Here’s everything you’ve ever wanted to know about the White House Easter Egg Roll


By J.G. Noll

On Monday, the White House will host the Easter Egg Roll for the 139th time in American history. It’s become a treasured, storied tradition. Since the first official one, held by Rutherford B. Hayes in 1878, presidents have put their unique stamp on the springtime fete. Benjamin Harrison included music– and children danced to music provided by the Marine Band. Nixon added the Easter Bunny in 1969. The Obamas, emphasizing health and fitness in children, had yoga on the Yoga Lawn. Some traditions endured, while others were a product of their time.

Here’s everything you’ve ever wanted to know about the White House Easter Egg Roll:

Before the White House held an Easter Egg Roll, D.C. families held their own. . . using the grounds of the Capitol as their playground.

(Photo: Wikimedia)

It’s possible that Andrew Johnson’s family was the first in the White House to roll eggs on the lawn, although it was not a public affair.

(Photo: White House Historical Association)

The popularity of egg rolls–and the destruction of the Capitol lawn–caused Congress to pass a law forbidding the grounds to be used as a playground, beginning enforcement in 1877.

(Photo: PBS.org)

Heavy rain in 1877 cancelled plans any children had made to defy the law, but it was still to be enforced in the years to come. On Easter Sunday 1878, President Hayes was taking a walk, when concerned children asked him if they could egg roll on the White House lawn Easter Monday. After asking his staff what the egg rolls were–he had never seen or heard of the activity before–he issued an order welcoming any egg-rolling children, turned away at the Capitol to the White House for the game.

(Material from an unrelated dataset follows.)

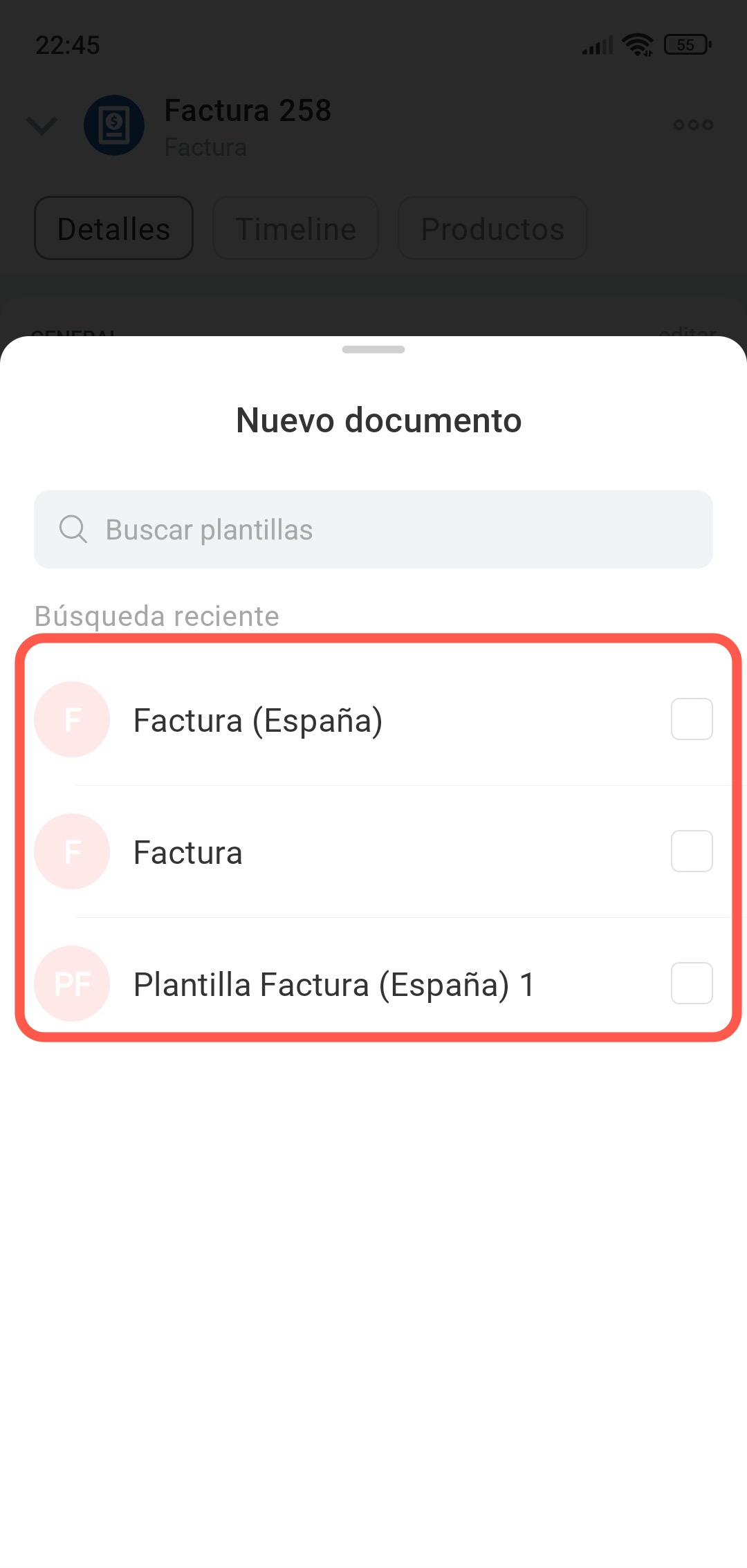 Todos los documentos creados se guardan en el timeline de la ficha de la factura, en la pestaña Historial y en la sección Documento > Documentos.
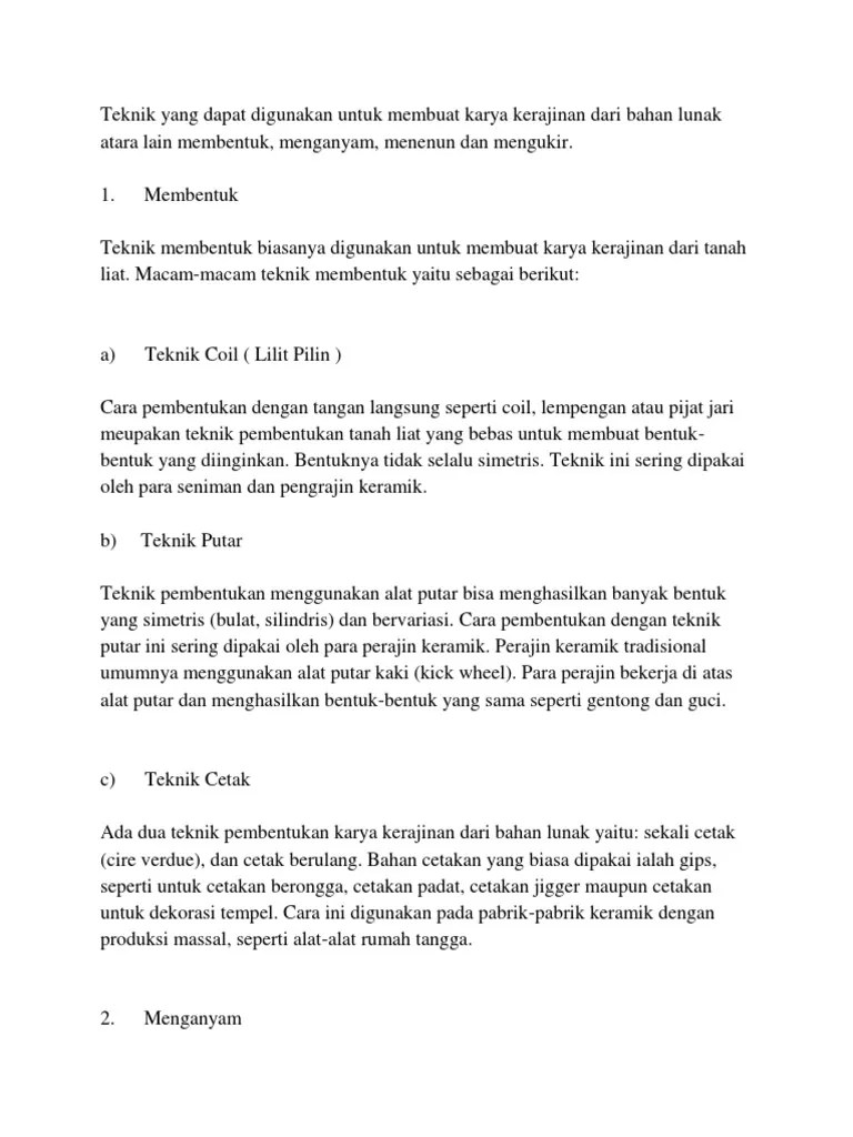 Dalam membuat keramik dengan teknik pembentukan tangan langsung, ada beberapa metode yang dikenal selama ini: Empat teknik (manual ) membuat gerabah tanpa alat putar (coil, pinch dan slab dan. Dengan teknik putar miring di smk n 1 rota bayat, klaten, jawa tengah". Dalam membuat keramik dengan teknik pembentukan tangan langsung, ada beberapa metode yang dikenal selama ini: Pengolahan ini bisa dilakukan dengan metode basah atau kering, . Disusun untuk memenuhi tugas material teknik semester 2. Membuat keramik dengan teknik ini ada beberapa metode yang dikenal selama ini seperti teknik pijit pinching teknik pilin coiling dan teknik . Ada beberapa metode yang dikenal selama ini: Teknik pijit (pinching), teknik pilin . Penelitian ini menggunakan metode deskriptif kualitatif dengan sampel 3 karya keramik siswa kelas x yang diambil menggunakan teknik . Menggunakan berbagai metode pembelajaran, yaitu metode ceramah, simulasi,. Teknik putar =(trowhing)yang artinya keteknikan yg paling mendasar yg merupakan kekhasan dalam membuat keramik.semoga berjaya. Amir khosim dalam buku geografi kelas x menjelaskan soal bagaimana proses.

(Photo: The Library of Congress)

At first, children brought their own eggs to roll. Now, they leave with a commemorative wooden one that is made by an American small business– a tradition started by Ronald Reagan.

(Photo: Library of Congress)

In 1885, President Cleveland was summoned from his study on Easter Monday. . . by children who had come for the egg roll. He loved the idea and began a tradition of receiving the children indoors– even though they ruined his carpet with smashed hard-boiled eggs.

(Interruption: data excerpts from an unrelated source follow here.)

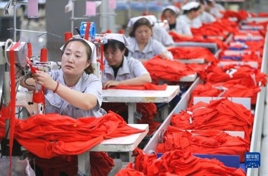 5月4日,在山東省青島市即墨區(qū)一家服裝企業(yè),工人生產(chǎn)出口到海外市場的服裝。
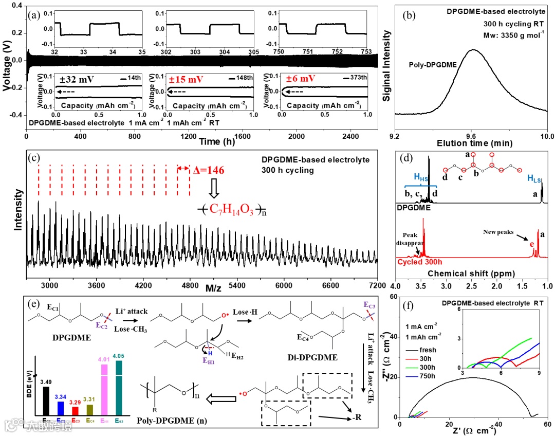 图1. DPGDME原位电化学聚合机理。(a)DPGDME基电解液锂负极循环.(b-d)聚DPGDME表征: GPC (b), MALDI mass spectra (c), 1H NMR (d).(e)DPGDME聚合机理.(f)聚合前后电化学阻抗。
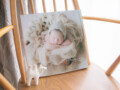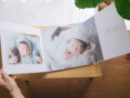 コロンとした正方形がかわいい絵本のような仕上がりです。そのまま飾ってもとっても可愛く、手に取りやすいアルバムです。表紙にクッションが入っておりソフトな触り心地で赤ちゃんのイメージにぴったりです。お名前、生まれた時の体重や身長などのバースデータが入ります。
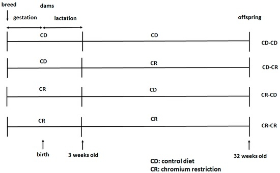 All procedures were performed with the approval of the Animal Care Committee of the Peking Union Medical Hospital Animal Ethics Committee (Project identification code: MC-07-6004, 15 March 2013), and all efforts were made to minimize suffering. Seven-week-old female and male C57BL mice (18.4 ± 1.3 g) were purchased from the Institute of Laboratory Animal Science, Chinese Academy of Medical Sciences and Peking Union Medical College (Beijing, China, SCXK-2013-0107). All mice were maintained in individual cages in a room at 24 ± 1 °C with lights on from 6:00 a.m. to 6:00 p.m. Mating was performed by housing females with adult males overnight, and pregnancy was confirmed by examining vaginal smears for the presence of sperm. After mating, the females were randomly divided into two groups and fed either the control diet (CD, casein-based diet based on the American Institute of Nutrition AIN-93G diet, containing 1.19 mg chromium/kg diet) or a chromium-restricted diet (CR, only reduced by 90 percent of chromium potassium sulfate from the control diet, containing 0.14 mg chromium/kg diet). The concentration of chromium in the diet was analyzed by an atomic absorption spectrometer (TAS986, Beijing Persee General Corperation, Beijing, China). All diets were produced by Research Diets (New Brunswick, NJ, USA). Mice were fed with this diet during the pregnancy and lactation periods. After the birth of the offspring, the litter size in each cage was randomly adjusted to six pups (three males, three females, if possible) to ensure equal nutrition until the pups were weaned.
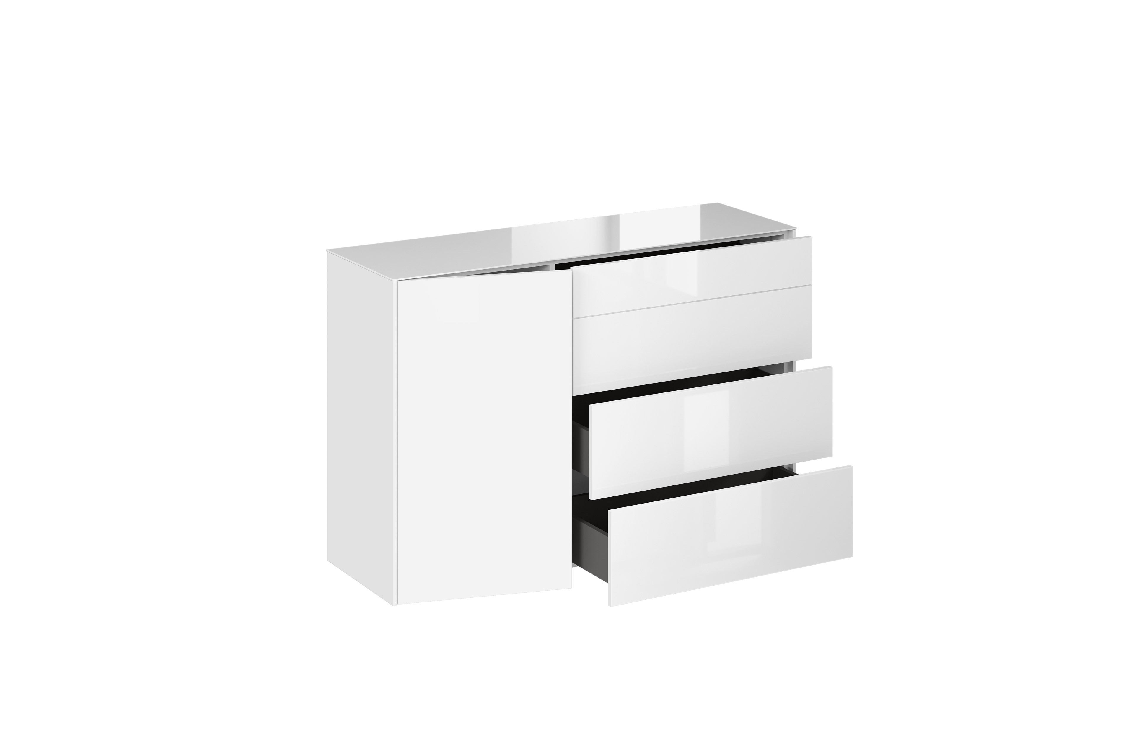 - Kommode mit 1 Tür, 3 Schubkästen und 1 festen Boden
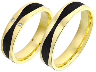 Trouwringen goud met carbon

(Photo: Library of Congress)

When the Egg Roll resumed after WWI, First Lady Florence Harding dyed some of the eggs herself. Over 50,000 children attended.

(Photo: Library of Congress)

The White House’s Easter Egg Roll has only been cancelled for inclement weather, during the WWI and WWII years, and during extensive White House construction in the late 1940s and early 1950s.

(Photo: Library of Congress)

First Lady Lou Hoover introduced folk dancing to the line-up of activities– as forgotten or smashed raw eggs from other games created such a rotten stench later.

(Photo: Library of Congress)

In 1929, the Egg Roll was broadcast on the radio for the first time, but the Hoovers did not address the crowd (or the radio listeners).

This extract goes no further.